Hullo! Just joined because I have a question I can;t sem to find information on hardly anywhere. I need to know a bit a bout green wood. I used to make walking sticks a long time ago and am trying to start again but last time I had acces to predried wood I was using (did not know it was pre dried at the time because I didnt know wood had to dry..) and this time I tried to chop my own down, and only after cutting it to size did I learn about having to dry the wood... SO! My questions are:

Does anyone know how likely they are to experience checking and what I can do to prevent it? They are Hickry saplings ranging from a half inch to an inch and a half in diameter, rouchly 4 to 6 fett tall,

Is checking a significant problem with walking sticks? Is it likely to cause structural problems, or likely to be noticeable?

I read somewhere that if I sand it now it will leave the grain more pronounced when it dries, is this true?

And finally, checking and what not occurs when it dries so what if I were to go ahead and oil it, would that fix things or would it cause a different set of issues?
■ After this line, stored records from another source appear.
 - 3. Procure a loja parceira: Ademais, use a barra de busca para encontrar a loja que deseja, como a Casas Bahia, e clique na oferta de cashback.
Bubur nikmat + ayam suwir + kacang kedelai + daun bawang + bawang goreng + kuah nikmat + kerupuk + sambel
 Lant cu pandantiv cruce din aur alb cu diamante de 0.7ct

And if the latter, how long do I need to let them dry minimum before I work on them?

Thank you in advance for the help.


----------



## Rodney

Welcome!

Hickory doesn't grow here so I can't answer some of your more specific questions.

In general I cut my sticks long. Any checking is more likely to happen at the ends due to they dry faster. If you've already cut to final length you can try coating the ends to slow down the drying (and checking) as they cure.
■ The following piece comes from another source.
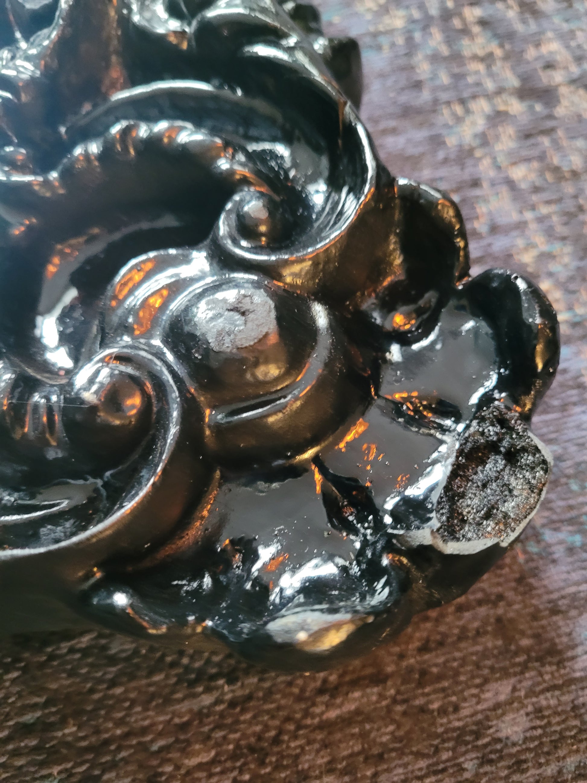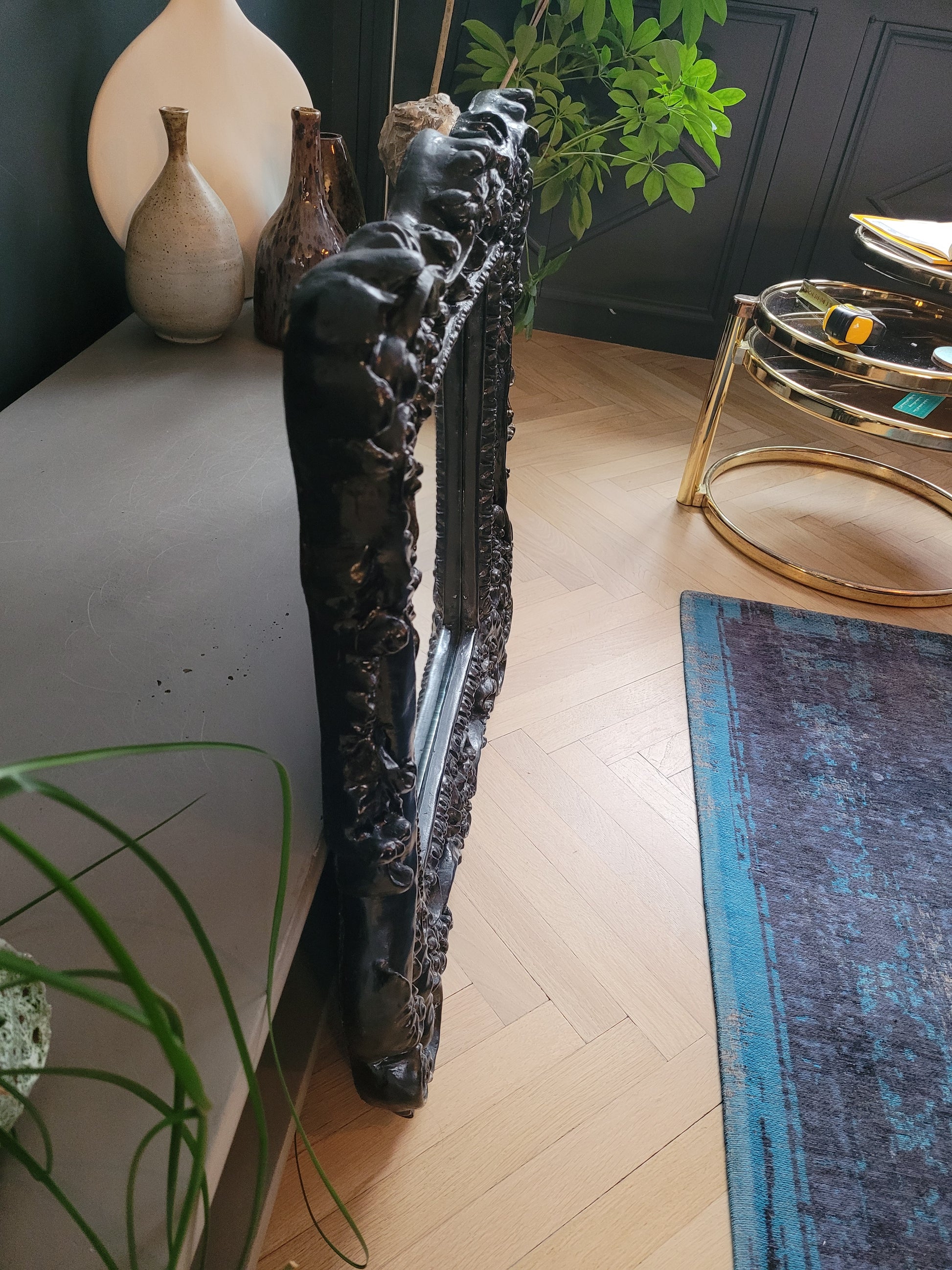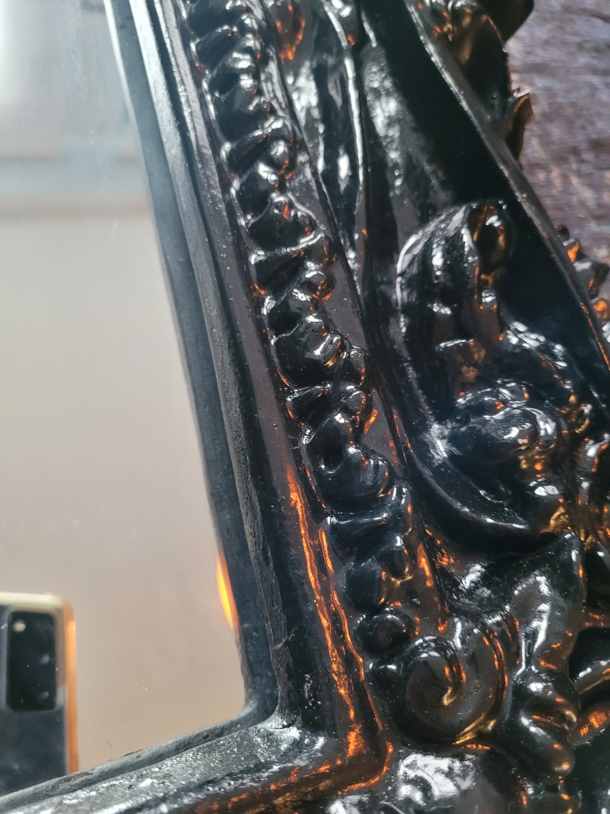 La peinture noire brillante souligne les volumes et les motifs richement ouvragés du décor.

A safe rule of thumb for drying your own sticks is a year per inch of thickness. Sometimes you can get away with working them sooner. One of my canes kept moving after I shaped the handle so it's a little wavy in places because I didn't wait long enough.

Small checks aren't likely to cause any structural issues. Deeper ones can. Take it on an individual basis. They will most likely be noticeable. How to treat the cosmetic ones is a matter of personal taste.

Peeling green wood speeds up the drying process. It can lead to more checking. After the wood is dry to the touch you can try oiling it. It might help slow the drying down some.

Sometimes you can get away with working green wood. It will move and shrink a little as it dries but it isn't always a problem. Chair makers used to use green wood because it would tighten up the joints as it shrank.

I hope this helps,

Rodney


----------



## cobalt

sorry know nothing about the woods your using

but the rule of thumb is leave for a year per inch of wood just as rodney has stated you can always use a meter to check the miosture content


----------



## CAS14

If money isn't an object, Woodcraft and probably others sell a product that replaces the water within the cellular structure, so the advertisers say. Several years ago, I soaked green sticks in a 6" dia. PVC tube in this expensive Pentacryl for a month or so, and never experienced checking or cracking afterwards.

Otherwise, I've dealt with cracks as a natural phenomenon that can be ignored or filled with epoxy or wood filler prior to sanding and finishing.

Unless your wife allows you a generous budget for such things, I'd avoid the Pentacryl solution. However, I'd use it again if I acquired an incredible specimen that was green and likely to crack due to shrinkage.

Vance


----------



## MJC4

Welcome to the forums Dracone.

I have hickory,oak, maple, ash, red bud, cotton wood, sassafras, aspen, birch and a cpl other species of woods I can't identify in various stages of seasoning kicking around in my garage. As a general rule I can work the "harder" of the hardwoods after about a year of dry time.( hickory, oak, ash) The species of trees that grow quickly (soft maples, cotton wood, sassafras, birch) seem to absorb more water, hence the quicker growth. and they take a bit longer to dry. They also seem more susceptible to warpage or cracking Also as I carve some woods into "toppers" I cut those into about 12" to 18" pieces. Generally the smaller pieces are dry enough to carve in about six months.

Also you can speed the drying process a bit by storing sticks in a warm area such as the utility room or the basement. I have heard of some folks drying sticks in the attic. As I have enough seasoned wood to work, I choose to leave the bulk of mine in the garage and let nature takes it course.

If you can't wait perhaps you can work a couple wet while you wait on the rest to season.

Mark


----------



## Dracone

Thanks, I appreciate the help, I think that answers my questions. Its unfortunate that it takes so long to dry and will likely crack though :/ Id never had to worry about it before and figured even if it had to dry it would take like a week or two not a year.


----------



## Gloops

Moisture meters are pretty affordable these days and take out the guesswork, a reading around 15% is deemed dry, I dip ends of new cit shanks in melted candle wax and store horizontal in garage roof.


----------



## LilysDad

One thing that wasn't mentioned, it's better to cut your sticks in the winter when the sap is down. The stick will be a little drier to start with.


----------